══ EXERCISE DATA ══

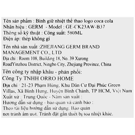 Ly giữ nhiệt inox 580 ml Thể Thao Coca Cola GERM GE-CK23AW-B37
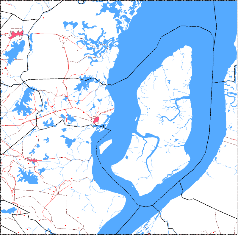 Mapa planimétrico feito com as bases do SIPAM/IBGE e Carta-Imagem feita com imagem Landsat de 2007, ambos em escala 1:450.000.
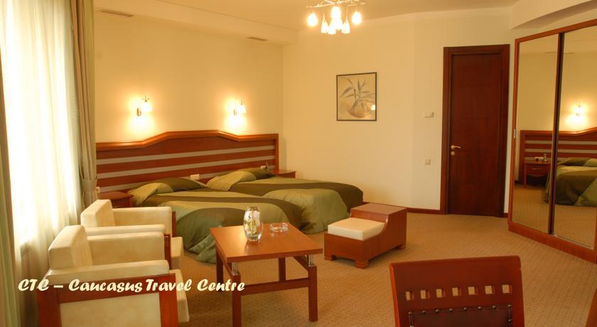 Номерный фонд: 15 комфортабельных номеров из них: 6 одноместных, 6 двухместных и 3 номера Suite. Номера соответствуют европейским стандартам. В каждом номере есть – спутниковое телевидиние, интернет, телефон, мини-бар, отопительная система, фен, противопожарная система и кондиционер. В гостинице имеется система безопасности, все контролируется видео камерами, кроме номеров. Двери номера закрывается с помощью кодированого замка с помощью пластиковой карточки.
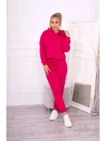 Fuchsiová oteplovací souprava s mikinou uvázanou dole
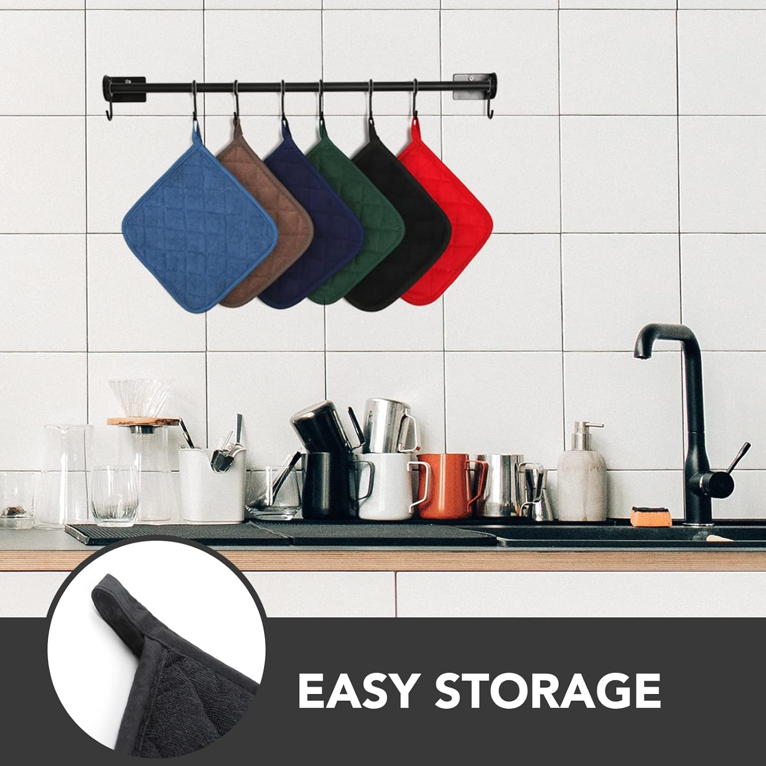 Joyhalo 4 Pack Pot Holders - Heat Resistant Oven Hot Pads, Terry Cloth, Black
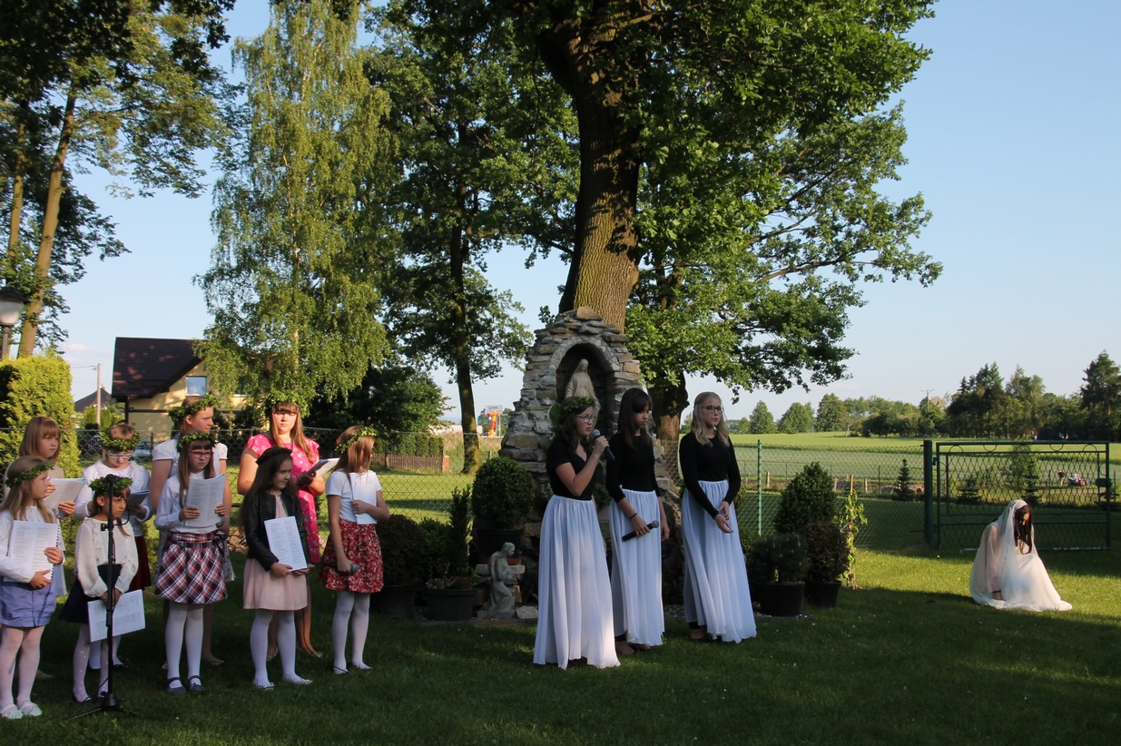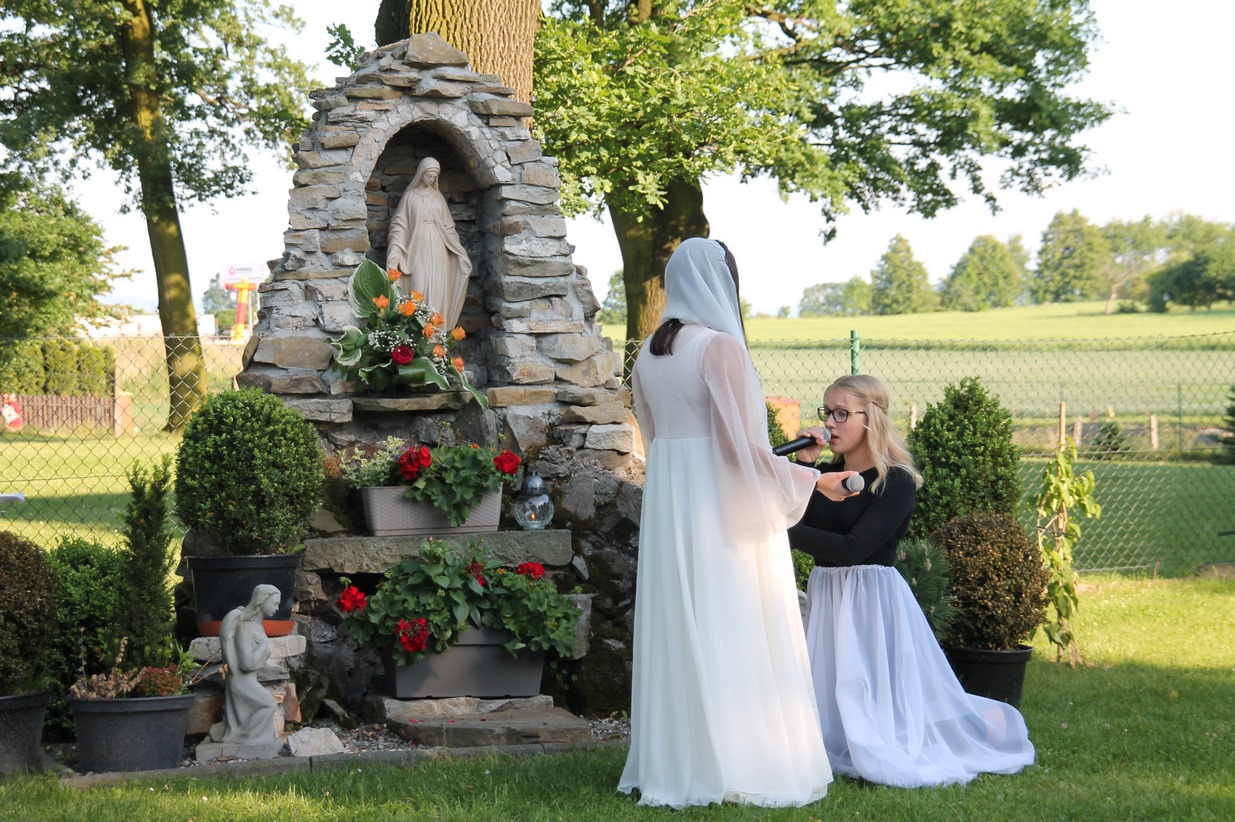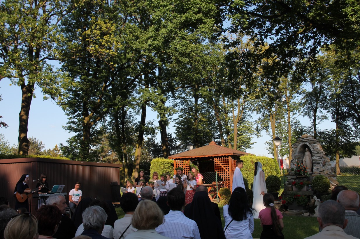 W niedzielę 20 maja 2018 r. dzieci i młodzież pod kierunkiem siostry Adriany przygotowały nabożeństwo majowe, które odbyło się przed grotą Matki Bożej. W przepięknej scenerii wiosennego ogrodu mogliśmy podziwiać piękno majowego krajobrazu oraz uczestniczyć w nabożeństwie ku czci Najświętszej Maryi Panny.
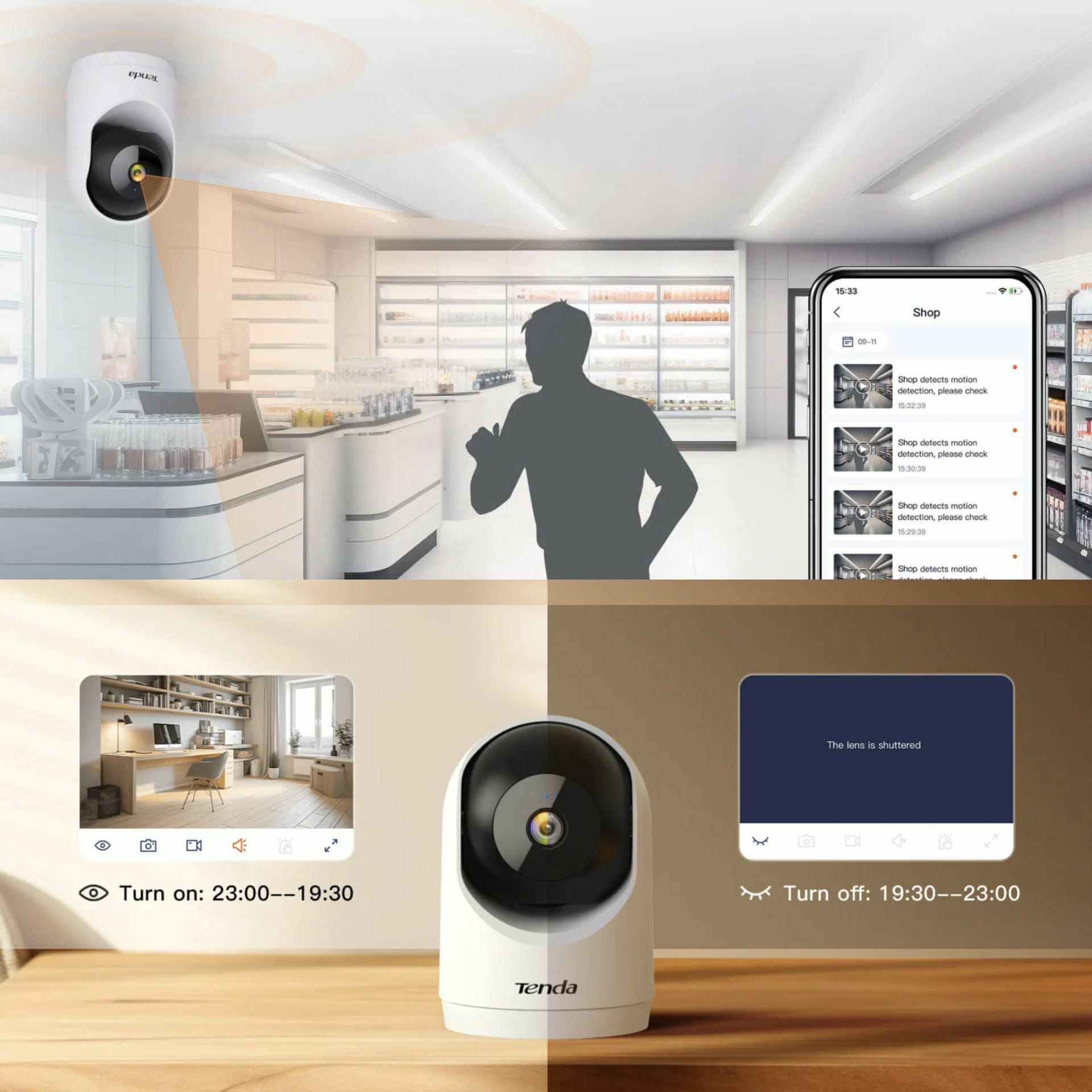 Tenda IP kamera 3.0MP brezžična PT RP3 omogoča 360° panoramsko pokritost, 3MP HD ločljivost, dvosmerni avdio ter sledenje gibanju. Podpira 0–355° pan in –15–55° tilt ter zaznavanje ljudi z obvestili v realnem času. Enostavna za uporabo in primerna je za nadzor domov, trgovin, pisarn in učilnic.

═══

* _YOUR ASSIGNMENT_
Write out each line of the data above exactly, starting at the top and finishing with the line containing "Joyhalo 4 Pack"; omit the pictures.

* _TASK RESPONSE_
 Ly giữ nhiệt inox 580 ml Thể Thao Coca Cola GERM GE-CK23AW-B37
 Mapa planimétrico feito com as bases do SIPAM/IBGE e Carta-Imagem feita com imagem Landsat de 2007, ambos em escala 1:450.000.
 Номерный фонд: 15 комфортабельных номеров из них: 6 одноместных, 6 двухместных и 3 номера Suite. Номера соответствуют европейским стандартам. В каждом номере есть – спутниковое телевидиние, интернет, телефон, мини-бар, отопительная система, фен, противопожарная система и кондиционер. В гостинице имеется система безопасности, все контролируется видео камерами, кроме номеров. Двери номера закрывается с помощью кодированого замка с помощью пластиковой карточки.
 Fuchsiová oteplovací souprava s mikinou uvázanou dole
 Joyhalo 4 Pack Pot Holders - Heat Resistant Oven Hot Pads, Terry Cloth, Black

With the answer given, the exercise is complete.